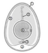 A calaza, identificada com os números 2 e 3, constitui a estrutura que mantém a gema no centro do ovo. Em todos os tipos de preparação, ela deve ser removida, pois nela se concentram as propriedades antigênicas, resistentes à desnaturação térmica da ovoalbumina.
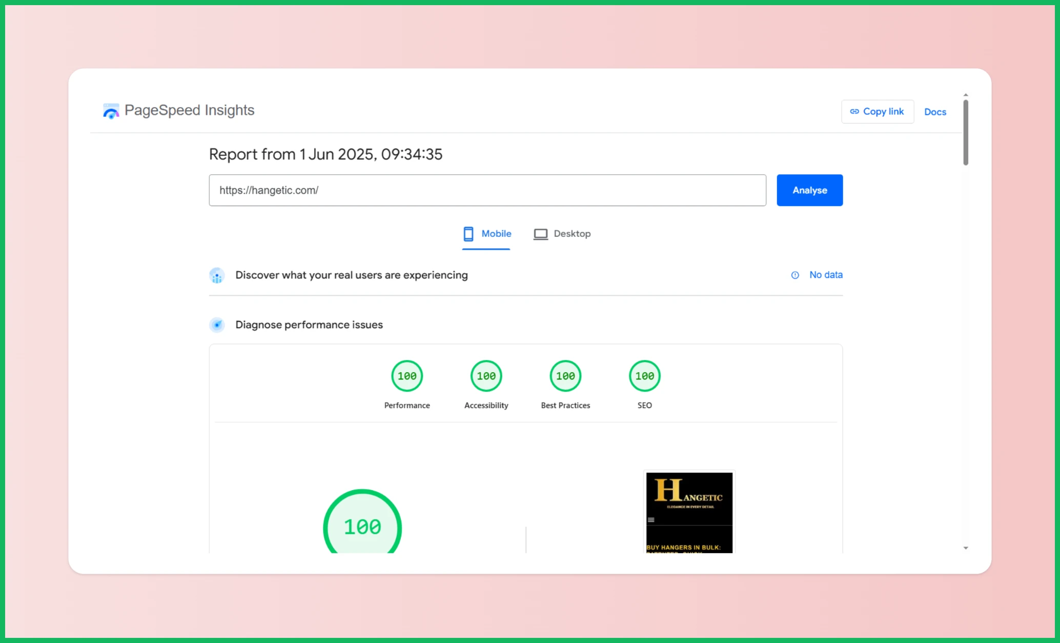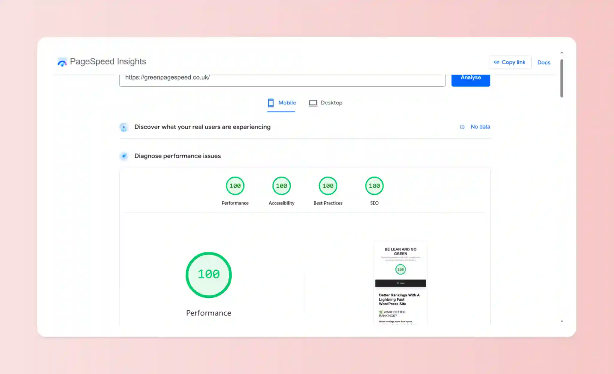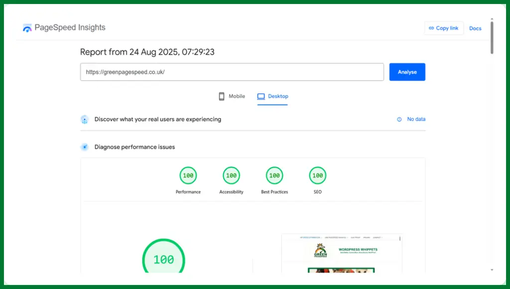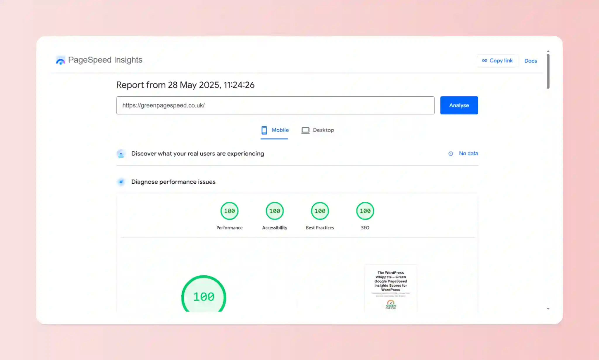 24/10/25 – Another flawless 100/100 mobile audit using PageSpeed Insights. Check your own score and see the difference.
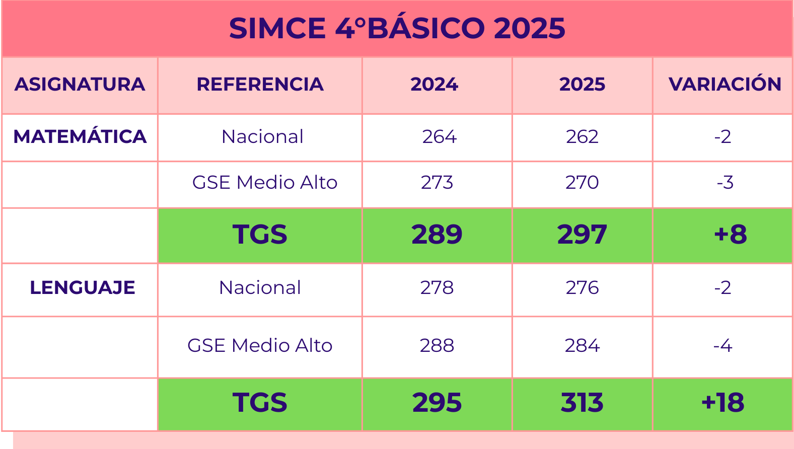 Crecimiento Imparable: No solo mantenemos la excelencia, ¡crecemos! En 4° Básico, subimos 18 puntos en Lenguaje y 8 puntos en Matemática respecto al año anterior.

+++

▶ Task goal
Pictures must be left out. Repeat exactly the lines from the one containing "24/10/25 – Another" through the final line of the data.

▶ Solution to this task
 24/10/25 – Another flawless 100/100 mobile audit using PageSpeed Insights. Check your own score and see the difference.
 Crecimiento Imparable: No solo mantenemos la excelencia, ¡crecemos! En 4° Básico, subimos 18 puntos en Lenguaje y 8 puntos en Matemática respecto al año anterior.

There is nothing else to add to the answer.